シグルイ』の最新刊・次巻発売日・全巻情報まとめ

この作品について

寛永六年、駿府城内で催された御前試合。将軍家光の命により、真剣を用いた果し合いが執り行われる。対峙するは、駿河御前試合最強の剣士・藤木源之助と虎眼流門下の俊英・伊良子清玄。だが源之助は隻腕、清玄は盲目。なぜこの二人が、満身創痍の姿で相まみえるのか──。

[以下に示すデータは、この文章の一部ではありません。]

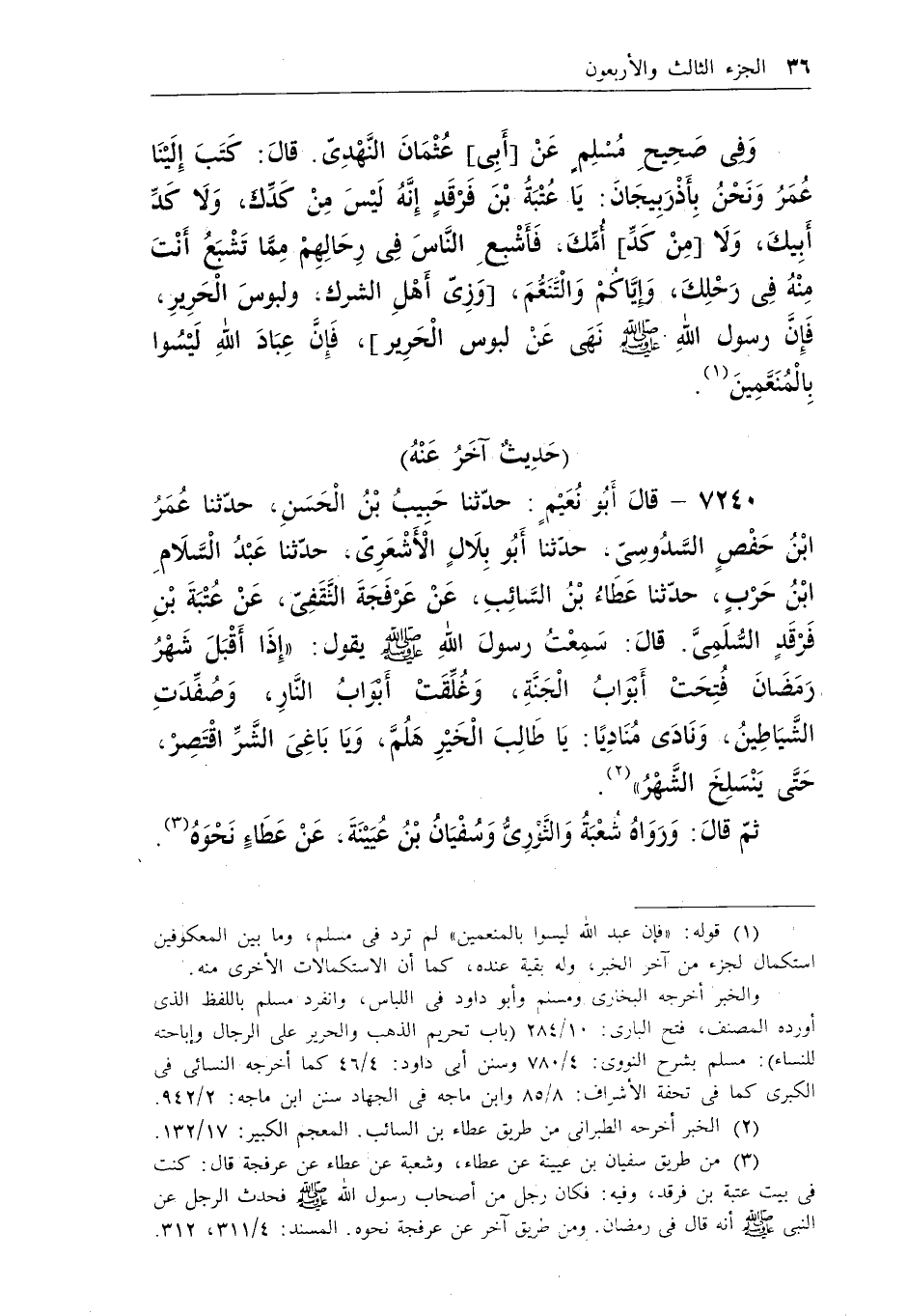 (¬2) من طريق سفيان بن عتبة عن عطاء، وشعبة عن عطاء عن عرفجة قال: كنت فى بيت عتبة بن فرقد، وفيه: فكان رجل من أصحاب رسول الله - صلى الله عليه وسلم - فحدث الرجل عن النبى - صلى الله عليه وسلم - أنه قال فى رمضان. ومن طريق آخر عن عرفجة نحوه. المسند: 4/311، 312.

原作・南條範夫、作画・山口貴由による本作は、秋田書店「チャンピオンRED」で連載された時代劇画である。山口貴由といえば『覚悟のススメ』で知られるが、本作では一転して江戸初期の剣豪小説を題材に選んだ。そして生まれたのは、剣術への狂気と暴力描写を極限まで研ぎ澄ませた異形の時代劇だ。冒頭の御前試合から過去へ遡る構成で、師・岩本虎眼を中心とした虎眼流道場の権力闘争、そこに絡む愛憎と裏切りが、容赦ない筆致で描かれていく。山口貴由の線は、人体の断面や内臓までをも精緻に描写し、「武士道とは死ぬことと見つけたり」という言葉を、美学ではなく文字通りの肉体の破壊として提示する。南條範夫の原作が持つ古典的な様式美を、現代の劇画表現で解体し再構築した手腕は、時代劇画というジャンルに新たな水準を刻んだ。

御前試合という結末を知りながら、なお読者は「なぜそうなったか」へ引き込まれていきます。人間の業と狂気が、ここまで冷徹に描かれた時代劇は稀有です。